Inter-population genetic differentiation

FST statistic

Using 25-kb sliding windows, 374 regions with an mFST higher than 0.24 were in the top 1% of the empirical distribution. These regions were located across most of the chicken chromosomes. The highest FST values belonged to an intergenic region on chromosome 8 (875,001–925,000 bp) (mFST = 0.541) and a protein-coding region on chromosome 2 (27,825,001–27,875,000 bp) that spans the AGMO gene (FST = 0.538) (Fig. 4). Enrichment analysis of the genes covered significant GO terms related to biological functions, molecular processes, and cellular components related to double-strand break repair, developmental process, vocal learning, transcriptional activator activity, RNA polymerase II core promoter proximal region sequence-specific binding, nucleoplasm and Golgi apparatus (see Additional file 4: Table S4).

Fig. 4
figure 4

Distribution of FST values, showing signatures of differentiation between the Lari and Khazak chickens. The dashed black line corresponds to the top 1% of the empirical distribution of mean FST values

In total, 184 protein-coding genes were detected in the putative regions under selection (see Additional file 7: Table S7), among which 54 and 26 genes were common to the annotated genes in the ROH and CLR analyses, respectively (Table 1) and (see Additional file 3: Table S3). The results derived from the gene annotation analysis showed that multiple genes were involved in the immune system, such as TRIM13 (tripartite motif-containing 13), ALPK1 (alpha kinase 1), S1PR1 (sphingosine-1-phosphate receptor 1), and ITK (IL2-inducible T-cell kinase), which mapped to chromosomes 1, 4, 8, and 13, respectively. Furthermore, our results indicate that several genes in the detected regions are associated with growth and reproductive traits, such as DCN (decorin), MEOX2 (mesenchyme homeobox 2), HDAC9 (histone deacetylase 9), SGCZ (sarcoglycan, zeta), LARGE (like-glycosyltransferase), and CITED4 (Cbp/p300-interacting transactivator, with Glu/Asp-rich carboxy-terminal domain, 4) (see Additional file 7: Table S7).

hapFLK statistic

Results of the hapFLK test are shown in Fig. 5 and Table 2. A threshold of P-value < 6.3 × 10–6 was used to declare genomic regions that have been under selection.

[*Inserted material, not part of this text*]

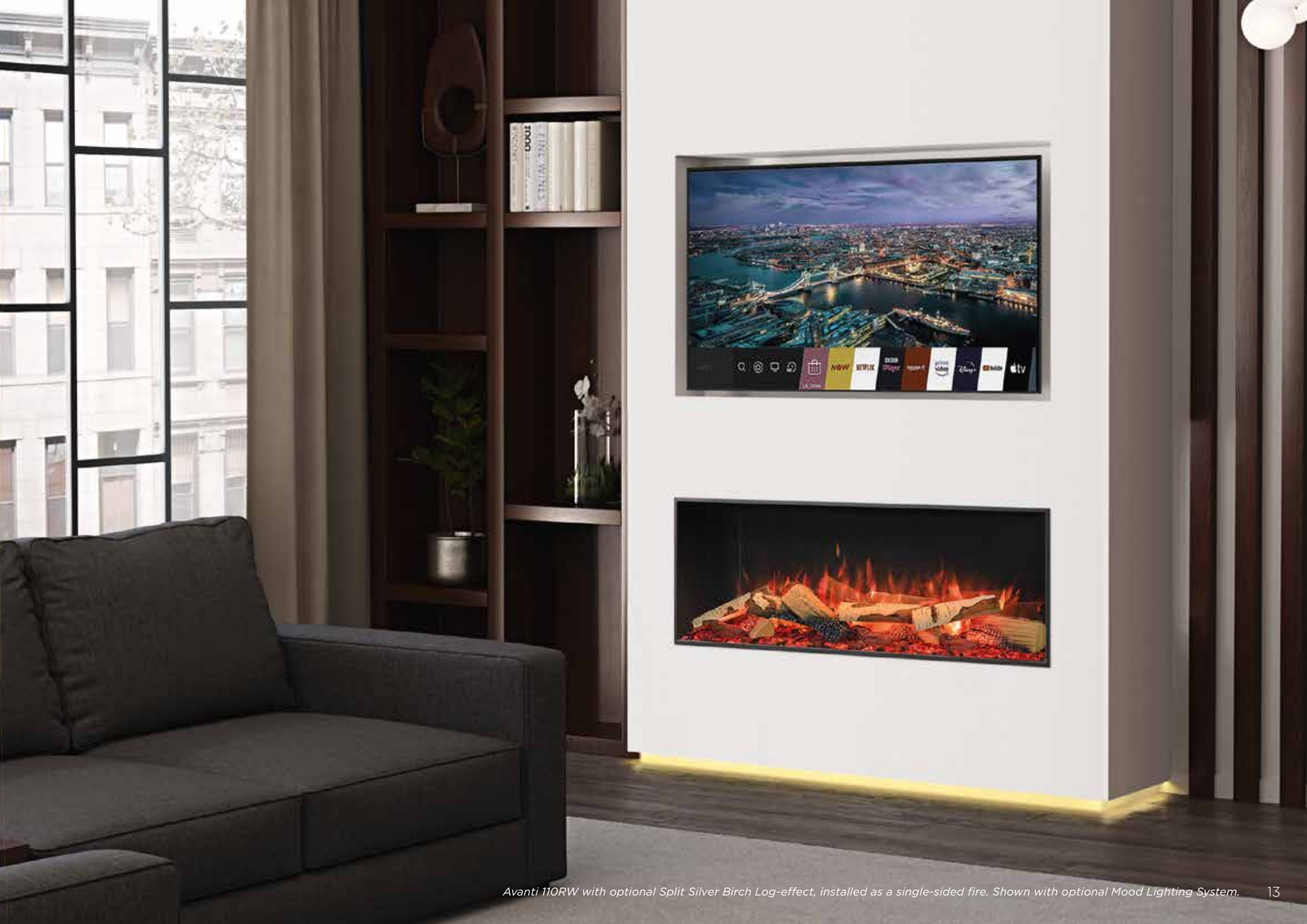
Avanti 110RW with optional Split Silver Birch Log-effect, installed as a single-sided fire. Shown with optional Mood Lighting System.

We observed signatures of selection on all the autosomes except 15, 21, and 24. The strongest signals were detected on chromosomes 7 (22.05–22.35 Mb), 27 (6.48–7.69 Mb), and 16 (2.40–2.75 Mb).

Fig. 5
figure 5

Distribution of hapFLK values along autosomal chromosomes of the Lari vs. the Khazak chickens. The red line shows the FDR threshold < 0.01

Table 2 Summary of the regions of putative signatures of selection detected by hapFLK analysis

In total, 305 protein-coding genes, 14 pseudogenes, 12 miRNA, 10 lncRNA, and one snoRNA were detected in putative regions under selection (see Additional file 8: Table S8). Several functional genes were located within the regions that displayed the strongest signals, including genes involved in the immune system (BF1, TAP1, DMB2, BLB1, BLB2, TAPBP, BRD2, BLEC1, C4, IKZF3, DMB1, and IL4I1) and in morphological traits such as the creeper (IHH and NHEJ1) and comb traits (MNR2). In addition, important genes relevant to growth and reproductive traits (CACNB1, STAT5B, STAT5A, BCL2L1, GNRHR, FANCA and NTRK1) were detected in several other significant regions (see Additional file 8 : Table S8). The results of the GO enrichment analyses revealed interesting terms related to basic metabolic activities, such as hyaluronan catabolic process, transport, and hyaluronan biosynthetic process (see Additional file 4: Table S4).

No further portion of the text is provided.